=== WORK TO COMPLETE ===
Pictures are to be left out, and only the lines from the one with "Dadu | Active |" through the last line of the listing below are to be repeated exactly.
(Beginning of MATERIAL FOR THIS EXERCISE)
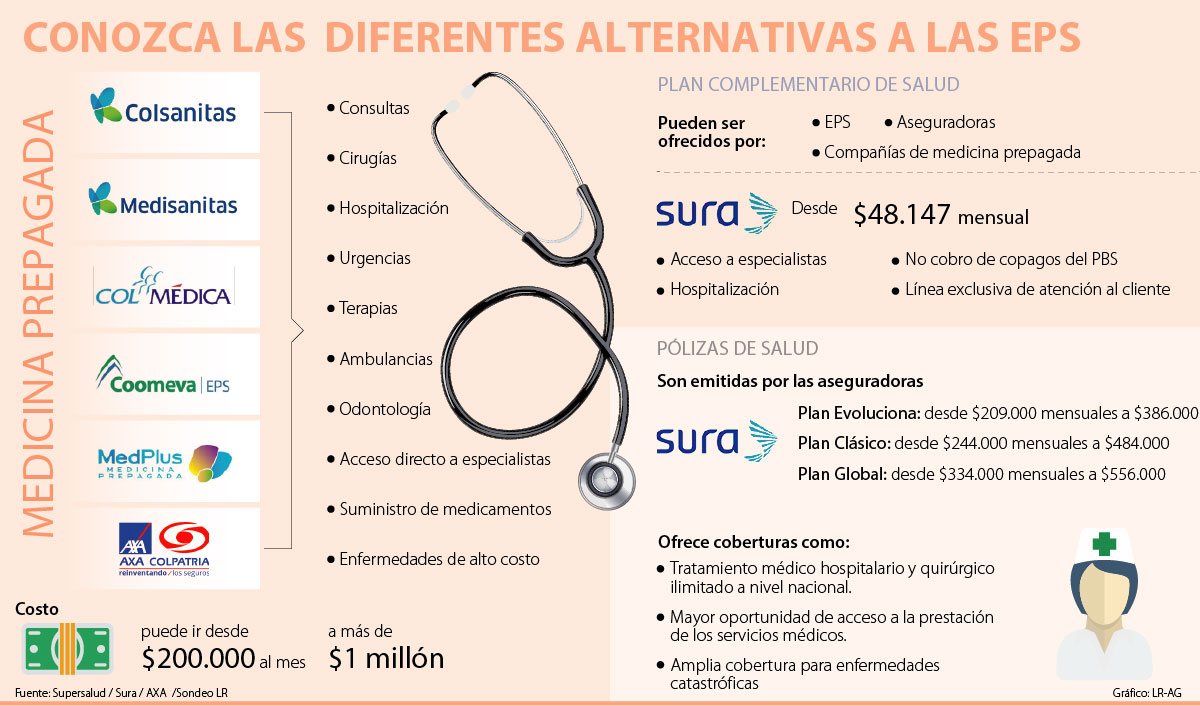 Sin embargo, ninguna de estas tres opciones adicionales al POS le ofrece ni las mismas coberturas ni prevé los mismos costos. Los más accesibles son los planes complementarios de salud, que se pueden encontrar desde $30.000 y $40.000 a más de $100.000. Por su parte, la prepagada y las pólizas de salud puede ir, en función de las coberturas del usuario, desde unos $200.000 mensuales o, incluso, menos.
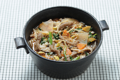 | (2) | 鍋にごま油、にんにくを入れて熱し、牛肉を炒め、大根、人参、しいたけ、豆もやしをいれて炒め、Aを加えて煮立てる。 |
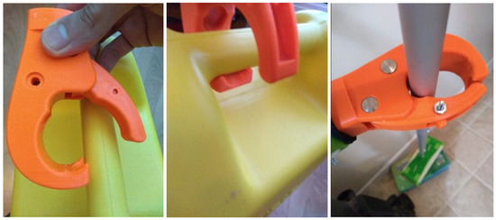 The prehensor was also tested to ensure the hooked end of the fixed jaw could withstand a loading force without experiencing failure. To test this carrying capacity, the jerry can was filled with water for a total load of 12.9 kg. The prehensor was used by a team member to grasp around the handle and lift the jerry can. It was then carried at a comfortable walking pace for approximately one minute Figure 14. It was noticed that in the first few steps, as the arm and jerry can swung, the prehensor shifted to the back of the handle as this was the most stable position. There was no further shifting of the prehensor relative to the handle afterwards which is likely due to the position internally where the water line was level.
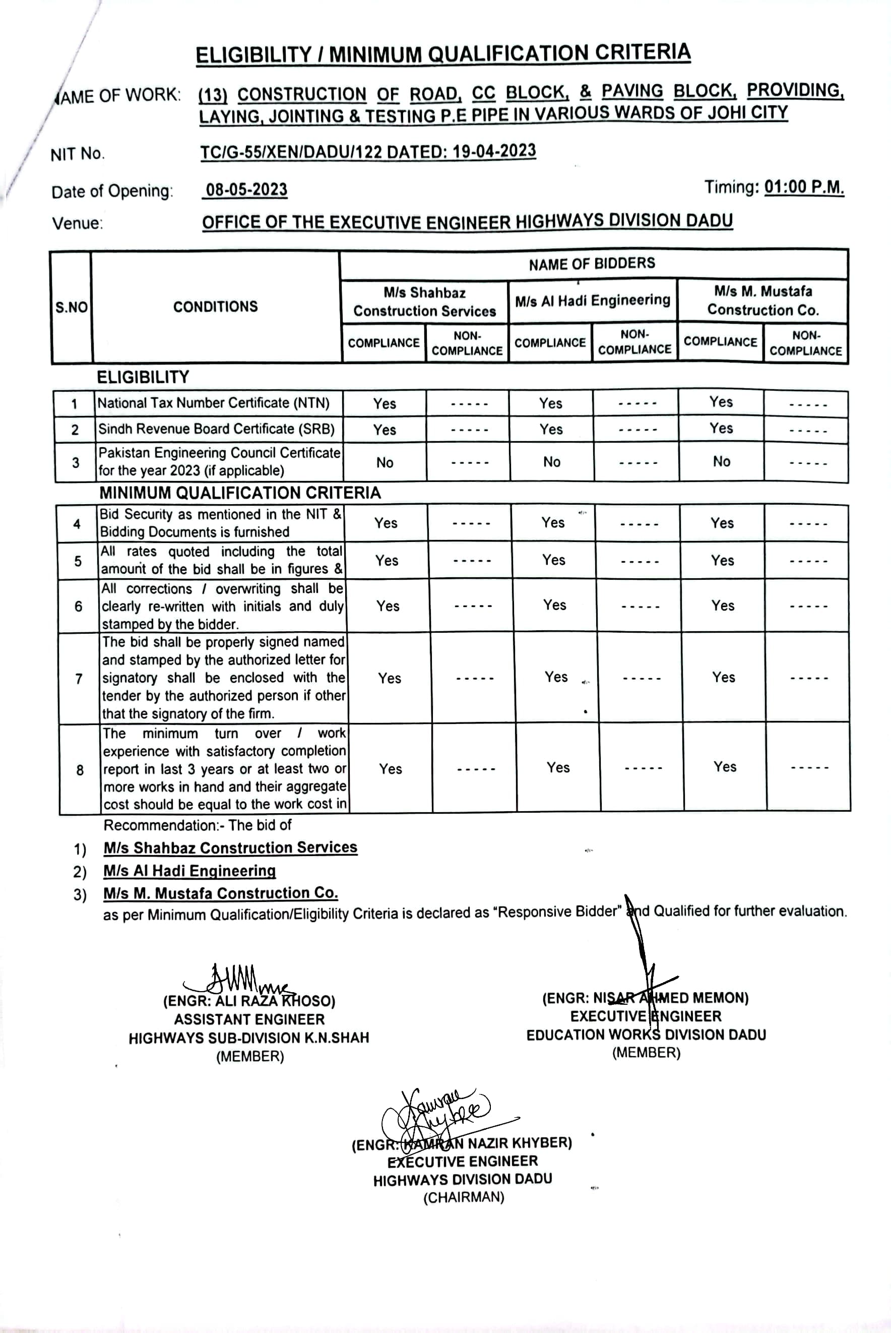 | T00537-22-0006 | BE00537-22-0006-13 | (13) CONSTRUCTION OF ROAD, CC BLOCK, & PAVING BLOCK, PROVIDING, LAYING, JOINTING & TESTING P.E PIPE IN VARIOUS WARDS OF JOHI CITY | Executive Engineer Highway Division Dadu (51-Works and Services Department) | 10-05-2023 | Dadu | Active |
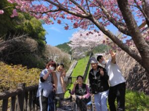 さっそくみんなでバスに乗って坂本の観光駐車場にお花見にレッツゴー!
(End of MATERIAL FOR THIS EXERCISE)
=== TASK SOLUTION ===
 | T00537-22-0006 | BE00537-22-0006-13 | (13) CONSTRUCTION OF ROAD, CC BLOCK, & PAVING BLOCK, PROVIDING, LAYING, JOINTING & TESTING P.E PIPE IN VARIOUS WARDS OF JOHI CITY | Executive Engineer Highway Division Dadu (51-Works and Services Department) | 10-05-2023 | Dadu | Active |
 さっそくみんなでバスに乗って坂本の観光駐車場にお花見にレッツゴー!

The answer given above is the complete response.